Let me begin with a bit of a rant.
In a sense, this is the last piece of the puzzle to
click into place for the president's Nixonian
transformation.
Spy on reporters? Check. Bomb a country (or two)
without authorization from Congress? Check. Issue
dubious claims of executive privilege to conceal
embarrassments or prevent scandals? Check. Withdraw
from -- and lose -- an unpopular war he didn't
start? Check. Corrupt IRS? Check. Imperial
presidency? Check.
One of the last things on the list was to insist
that the silent majority of Americans is really on
his side. Of course, Nixon's "silent majority"
actually voted. Obama's, not so much. Nixon's silent
majority was also actually on his side. Obama's
silent majority isn't, at least according to polls.
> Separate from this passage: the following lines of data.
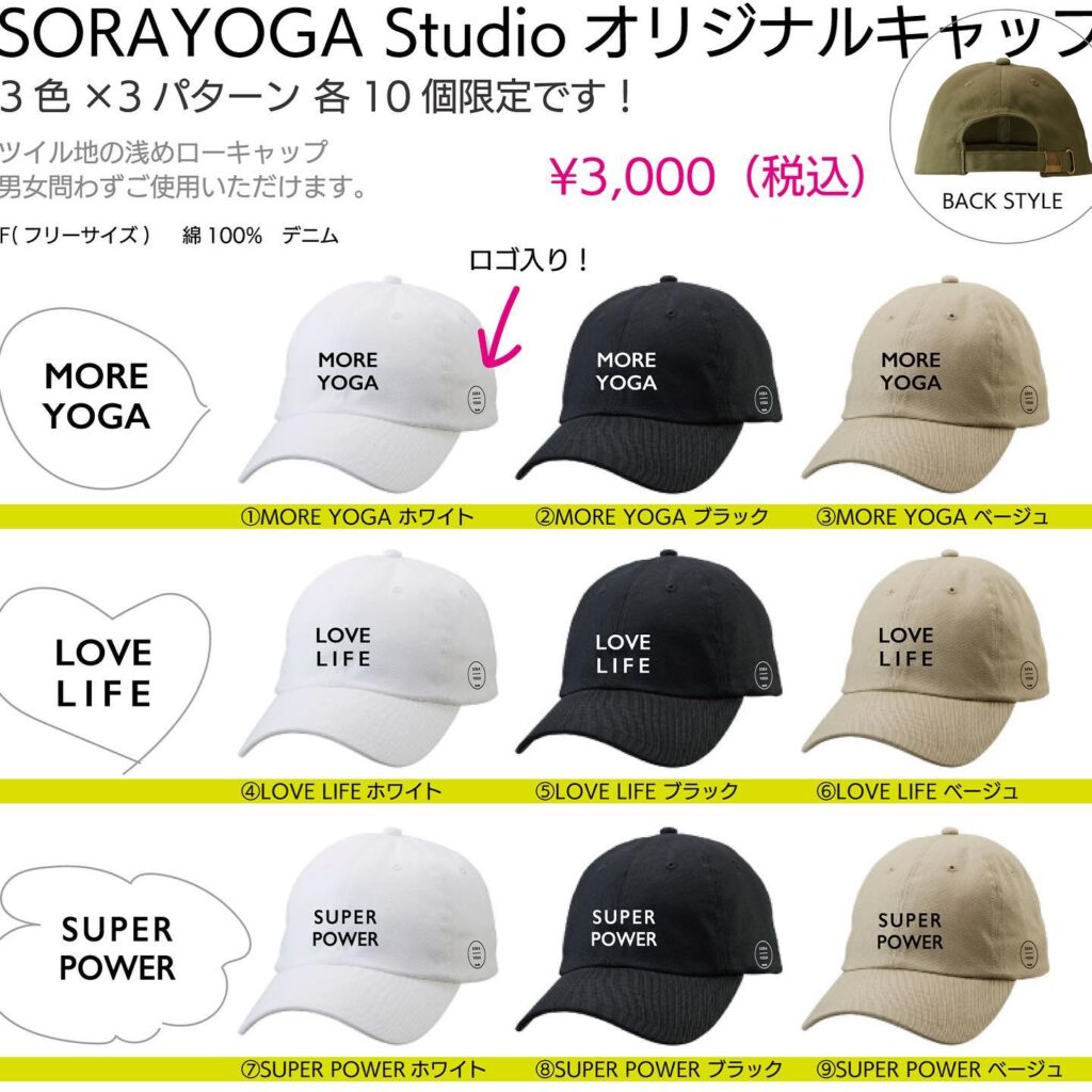 【SORAYOGA apparel部より】生徒さん達のリクエストよりようやく形になりました!SORAYOGAキャップ🧢今年のソラヨガ運動会(←またやる気)ヒ…
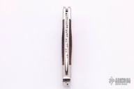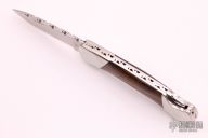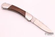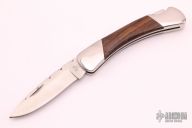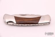 This Model 500 Duke by Buck Knives has been customized by Ed Youngman, he stamped "EY" on the lock release. It has a satin finished drop point blade with nail nick and fileworked spine. The handle has a polished stainless steel frame, custom desert ironwood scales and fileworked backspacer. Comes with a zippered case. Has a few very light scratches, otherwise excellent condition.
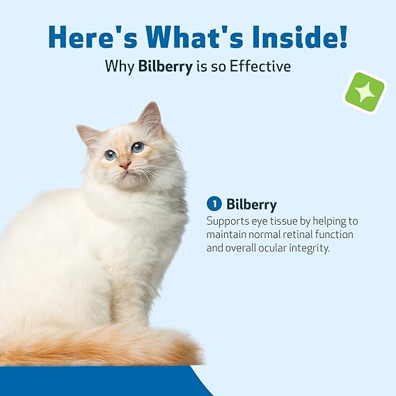 - ️ SUPPORTS HEALTHY VISION & VASCULAR HEALTH IN CATS: Unlike generic eye supplements with synthetic vitamins, our full-spectrum Bilberry extract delivers comprehensive support for vision and the tiny capillaries that nourish eye tissues. This product helps maintain normal capillary strength, supports blood vessel health around the eyes, and promotes healthy retinal function.
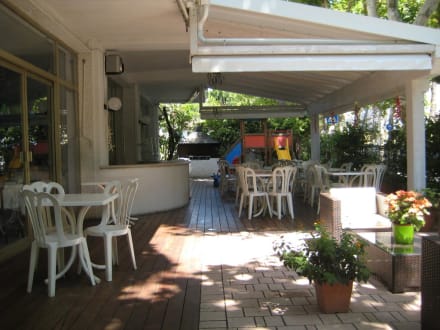 Hier steht das Frühstücksbüffet , Kinderspielplatz und Grill im Hintergrund
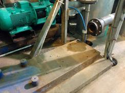 Montage d'une pompe neuve pour le nettoyage des filtres à charbon (on injecte l'eau dans le sens inverse pour décolmater le filtre) |

If the majority of Americans agreed with him, a
majority of Americans wouldn't disapprove of him.
OK, rant over.
Still, in a way, Obama is right, though not in
the way he intends. He can hear from non-voters.
Thanks to the Big Data revolution, we no longer
analyze public attitudes, we digitize them. Big
corporations don't merely know what consumers want,
they know what Bud Gretnick at 123 Sycamore Road,
Everywhere USA, wants.
The New York Times famously reported on one instance
where a father of a teenage girl was furious that
Target was mailing his daughter coupons for baby
furniture and maternity clothes.
"My daughter got this in the mail!" the outraged
father yelled at a Minnesota store manager. "She's
still in high school, and you're sending her coupons
for baby clothes and cribs? Are you trying to
encourage her to get pregnant?"
It turns out the store knew she was pregnant before
the dad did.
Meanwhile, we've been debating for several years how
much data-mining the government should be allowed to
do in the name of national security. It's a serious
debate with solid arguments on both sides. Should
the government monitor which websites we go to?
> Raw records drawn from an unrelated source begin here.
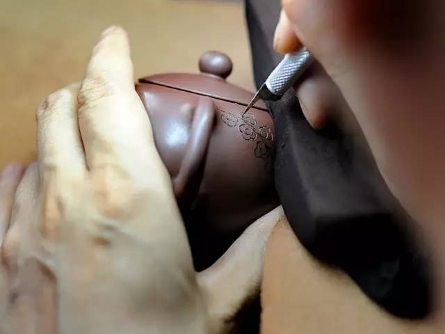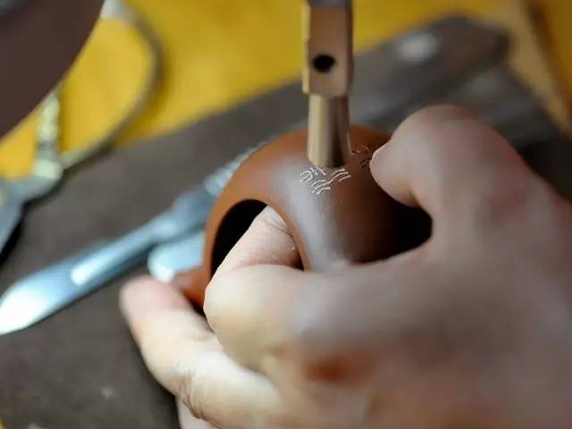 紫砂坯體在未干之前,將圖案紋樣拷貝在坯體上,用刻刀刻出紋樣。所刻紋樣要清晰、挺括、流暢、邊緣光潔,以使嵌金順手自如,雕刻時(shí)還要考慮泥坯成陶后的收縮比率。
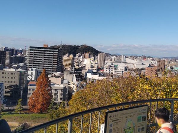 道後公園は湯築城の跡地でもあり、視点の違いによる眺望景観の違いを実感できます。公園の入り口あたりでは全く松山城は見えないのですが、7分ほど歩いて展望台まで行くとはっきりと松山城を見ることができました!街の景色と共にこのように遠くから松山城を見てみるのも、新鮮で良かったです♪
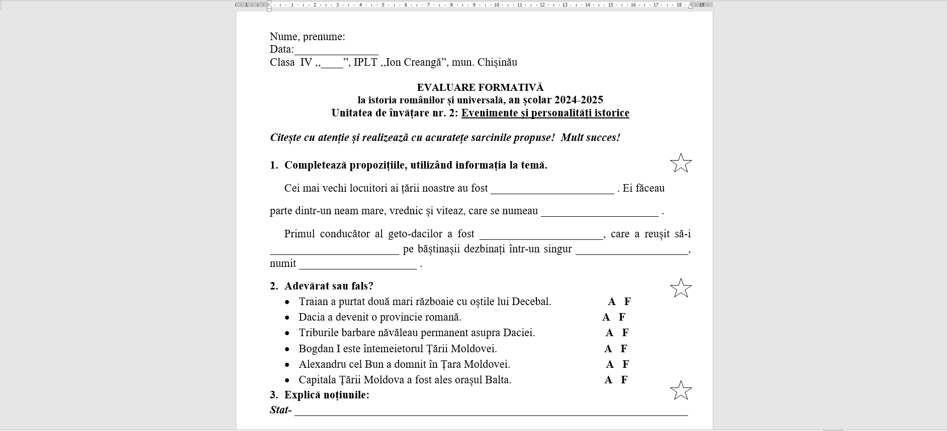 Evaluare formativă la istoria românilor și universală „Evenimente și personalități istorice”, modulul 2, clasa 4 [fișier .DOCX]
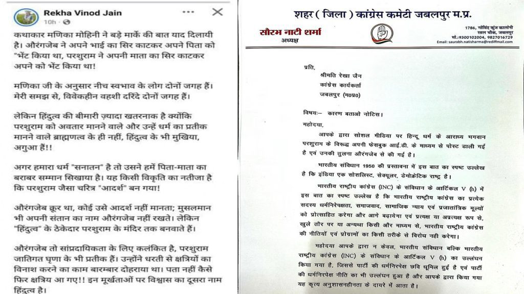 मध्य प्रदेश,के जबलपुर जिले की एक महिला कांग्रेस नेता रेखा विनोद जैन को सोशल मीडिया पर हिंदू देवता परशुराम की तुलना मुगल शासक औरंगजेब से करने के लिए कारण बताओ नोटिस दिया गया है। जबलपुर शहर कांग्रेस अध्यक्ष सौरभ शर्मा ने नोटिस जारी कर 48 घंटे के भीतर जवाब मांगा है। रविवार को जारी कारण बताओ नोटिस में कहा गया है, “आपने अपने फेसबुक आईडी के जरिए सोशल मीडिया पर हिंदू धर्म के देवता परशुराम के खिलाफ पोस्ट किया है और उनकी तुलना औरंगजेब से की है… आपने न केवल भारतीय संविधान बल्कि कांग्रेस पार्टी के संविधान का भी उल्लंघन किया है , जिससे पार्टी की धर्मनिरपेक्ष छवि धूमिल हुई है।
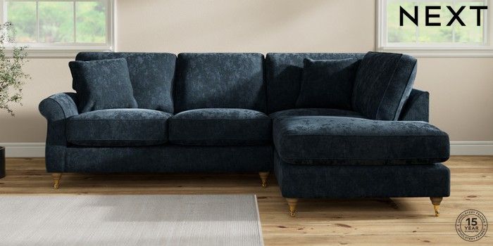 7.2.10 Ashford Relaxed Sit Medium Corner Chaise - Right Hand Distressed Velour Midnight Blue Castor - Light | Made Click here to use our website with more accessibility support, for example screen readers

Should it keep tabs on who we are emailing? Etc.
Reasonable people can disagree about the pros and
cons of all this stuff. What I find remarkable,
however, is that we don't seem to care that
politicians are in on this game, too.
In the run-up to the midterms, the Democrats sent
out letters to presumed Democratic voters in an
effort to shame them into voting. "Who you vote for
is your secret," read a letter sent out by the New
York State Democratic Committee. "But whether or not
you vote is public record."
"We will be reviewing voting records ... to
determine whether you joined your neighbors who
voted in 2014." The letter ends with a creepy, if
not outright threatening, warning: "If you do not
vote this year, we will be interested to hear why
not."
Am I the only one thinks it's bizarre that we spend
so much time fretting over how much government
agencies can know about us, but we don't seem to
care a bit about how much the politicians who run
those agencies know about us?
Big Data is in its infancy, but focus groups,
polling and other kinds of market research have been
staple tools of political consultants for decades.
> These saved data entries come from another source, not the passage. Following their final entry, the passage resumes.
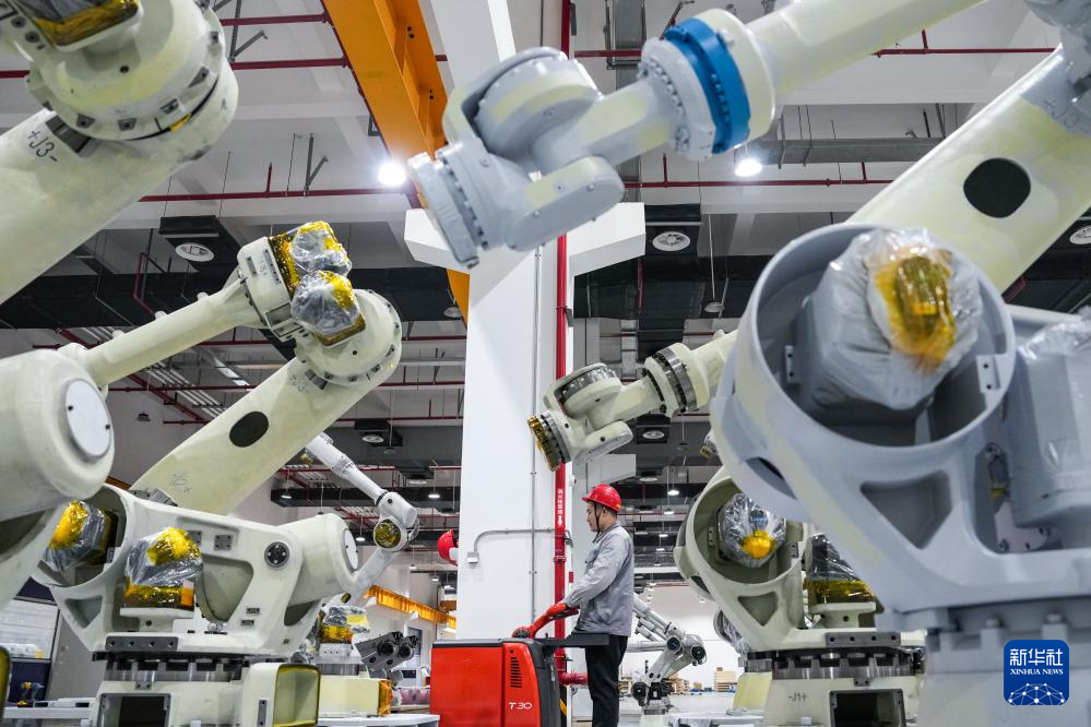 3月17日,在位于南京市江宁开发区的汇川技术南京基地自动化车间内,机器人在进行出厂前测试。
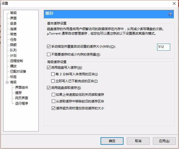 勾选”手动指定缓存大小以覆盖自动设置的缓存大小(MB)“
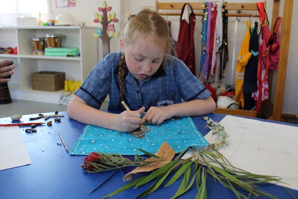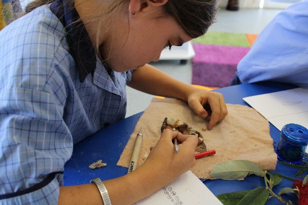 Keen botanist and Barcaldine local Jenny Mace got involved before the workshops began, taking the students and teacher of Level 3 (years 3-6) on an excursion around town to observe, photograph and learn about the local flora.

Pop quiz: Have these techniques yielded better, more
responsive or more representative politicians and
public policies?
Maybe we're doing it wrong? The dirty secret behind
gridlock is that all of these seemingly constipated
politicians are doing exactly what the market
research tells them their customers -- i.e., the
voters -- want them to do.
What if politicians didn't have access to focus
groups and ZIP code analysis? What if we had no exit
polls telling us what the chief concern of married
Asian-American males in Portland is?
What if politicians were expected to make decisions
based on what they think is right, informed by their
principles, their analysis of the issues and from
actually talking to constituents -- and not from an
analysis of what a dozen people say in a dimly lit
room in a shopping mall with men in suits taking
notes behind a two-way mirror?
The Founding Fathers didn't take a poll. Nor did
Abraham Lincoln. Modern -- though still rudimentary
-- polling began in the 1930s. Have our politics
really gotten better as a result of ever more
sophisticated poll-assisted pandering?
People say the only poll that matters in on Election Day, but it's not true anymore. Maybe it should be again.